## Assignment
Return the lines of the data below starting at the one holding "Captivating nighttime view" and ending at the one holding "Después de eso, es", word for word, leaving every picture out.

## Task inputs

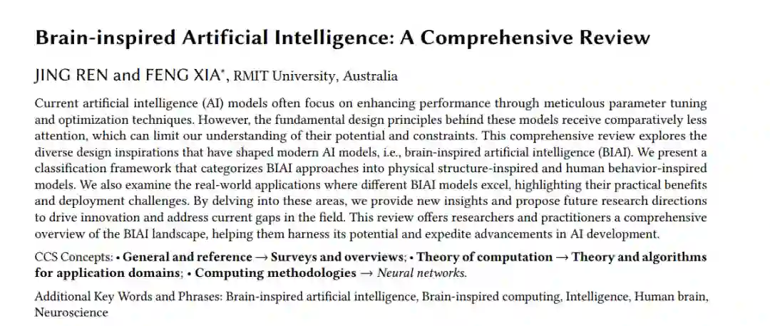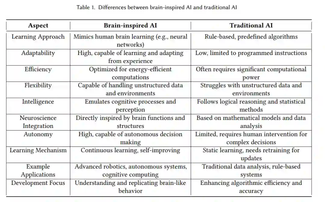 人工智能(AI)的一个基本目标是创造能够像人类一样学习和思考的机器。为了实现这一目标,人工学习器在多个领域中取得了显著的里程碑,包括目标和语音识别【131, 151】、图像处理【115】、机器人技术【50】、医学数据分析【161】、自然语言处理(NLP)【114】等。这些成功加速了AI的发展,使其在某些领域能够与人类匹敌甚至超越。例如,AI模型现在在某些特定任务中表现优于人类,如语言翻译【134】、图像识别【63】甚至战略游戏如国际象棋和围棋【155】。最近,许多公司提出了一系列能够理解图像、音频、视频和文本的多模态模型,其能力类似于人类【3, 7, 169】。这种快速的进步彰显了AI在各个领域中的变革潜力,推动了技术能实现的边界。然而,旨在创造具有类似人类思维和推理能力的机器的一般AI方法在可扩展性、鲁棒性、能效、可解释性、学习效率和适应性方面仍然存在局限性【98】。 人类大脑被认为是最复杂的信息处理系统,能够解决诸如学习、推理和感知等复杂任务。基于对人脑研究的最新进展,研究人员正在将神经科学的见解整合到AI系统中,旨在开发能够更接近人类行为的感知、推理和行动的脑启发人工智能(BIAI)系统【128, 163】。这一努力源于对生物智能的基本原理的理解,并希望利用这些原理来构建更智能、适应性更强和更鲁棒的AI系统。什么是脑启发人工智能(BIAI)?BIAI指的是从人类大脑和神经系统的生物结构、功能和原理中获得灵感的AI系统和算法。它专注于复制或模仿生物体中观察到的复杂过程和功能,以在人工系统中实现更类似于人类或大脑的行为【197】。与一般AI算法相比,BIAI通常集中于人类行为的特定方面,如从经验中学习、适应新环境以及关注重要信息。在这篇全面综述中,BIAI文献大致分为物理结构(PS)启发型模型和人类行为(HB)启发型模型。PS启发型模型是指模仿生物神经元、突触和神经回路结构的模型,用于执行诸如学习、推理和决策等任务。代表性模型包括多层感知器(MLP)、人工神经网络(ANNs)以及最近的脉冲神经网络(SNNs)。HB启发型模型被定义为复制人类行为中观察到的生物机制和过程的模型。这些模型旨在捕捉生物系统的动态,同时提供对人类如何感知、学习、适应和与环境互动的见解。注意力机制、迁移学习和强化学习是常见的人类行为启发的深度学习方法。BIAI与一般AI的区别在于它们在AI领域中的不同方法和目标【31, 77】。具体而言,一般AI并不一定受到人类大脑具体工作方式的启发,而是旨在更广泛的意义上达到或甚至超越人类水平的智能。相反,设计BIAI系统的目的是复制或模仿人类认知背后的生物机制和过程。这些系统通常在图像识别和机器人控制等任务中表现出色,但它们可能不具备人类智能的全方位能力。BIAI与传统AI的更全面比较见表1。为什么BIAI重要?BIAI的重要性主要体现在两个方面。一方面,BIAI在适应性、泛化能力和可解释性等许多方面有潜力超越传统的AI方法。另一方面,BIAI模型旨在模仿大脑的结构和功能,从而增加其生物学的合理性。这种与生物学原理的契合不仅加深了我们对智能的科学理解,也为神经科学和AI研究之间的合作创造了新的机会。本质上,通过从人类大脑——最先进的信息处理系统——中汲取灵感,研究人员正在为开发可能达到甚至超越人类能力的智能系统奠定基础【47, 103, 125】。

--

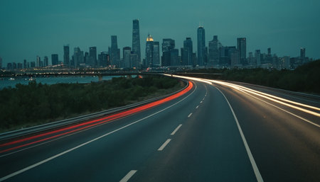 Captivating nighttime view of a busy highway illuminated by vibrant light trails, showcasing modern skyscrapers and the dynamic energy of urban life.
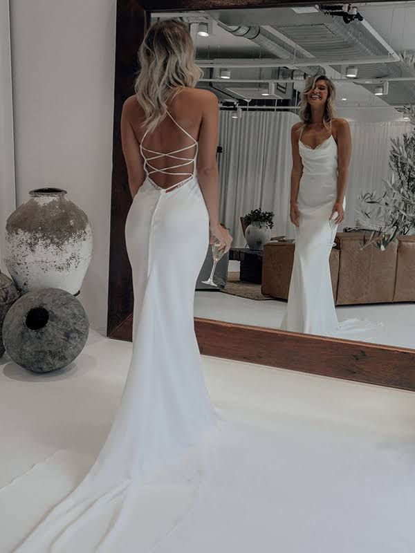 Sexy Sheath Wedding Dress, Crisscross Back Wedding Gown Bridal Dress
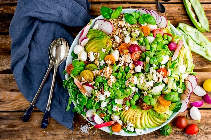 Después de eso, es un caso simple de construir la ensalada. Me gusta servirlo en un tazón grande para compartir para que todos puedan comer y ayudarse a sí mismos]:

* * *

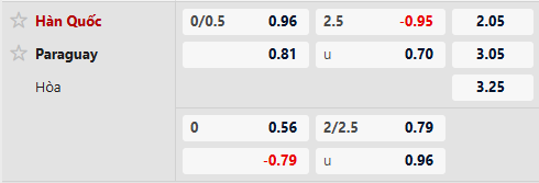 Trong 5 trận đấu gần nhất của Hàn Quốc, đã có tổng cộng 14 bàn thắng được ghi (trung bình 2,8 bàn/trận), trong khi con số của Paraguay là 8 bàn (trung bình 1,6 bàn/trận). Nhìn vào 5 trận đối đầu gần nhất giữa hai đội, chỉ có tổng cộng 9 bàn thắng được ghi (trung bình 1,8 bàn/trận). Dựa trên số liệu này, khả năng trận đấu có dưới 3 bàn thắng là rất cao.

## Answer to the exercise
 Captivating nighttime view of a busy highway illuminated by vibrant light trails, showcasing modern skyscrapers and the dynamic energy of urban life.
 Sexy Sheath Wedding Dress, Crisscross Back Wedding Gown Bridal Dress
 Después de eso, es un caso simple de construir la ensalada. Me gusta servirlo en un tazón grande para compartir para que todos puedan comer y ayudarse a sí mismos]:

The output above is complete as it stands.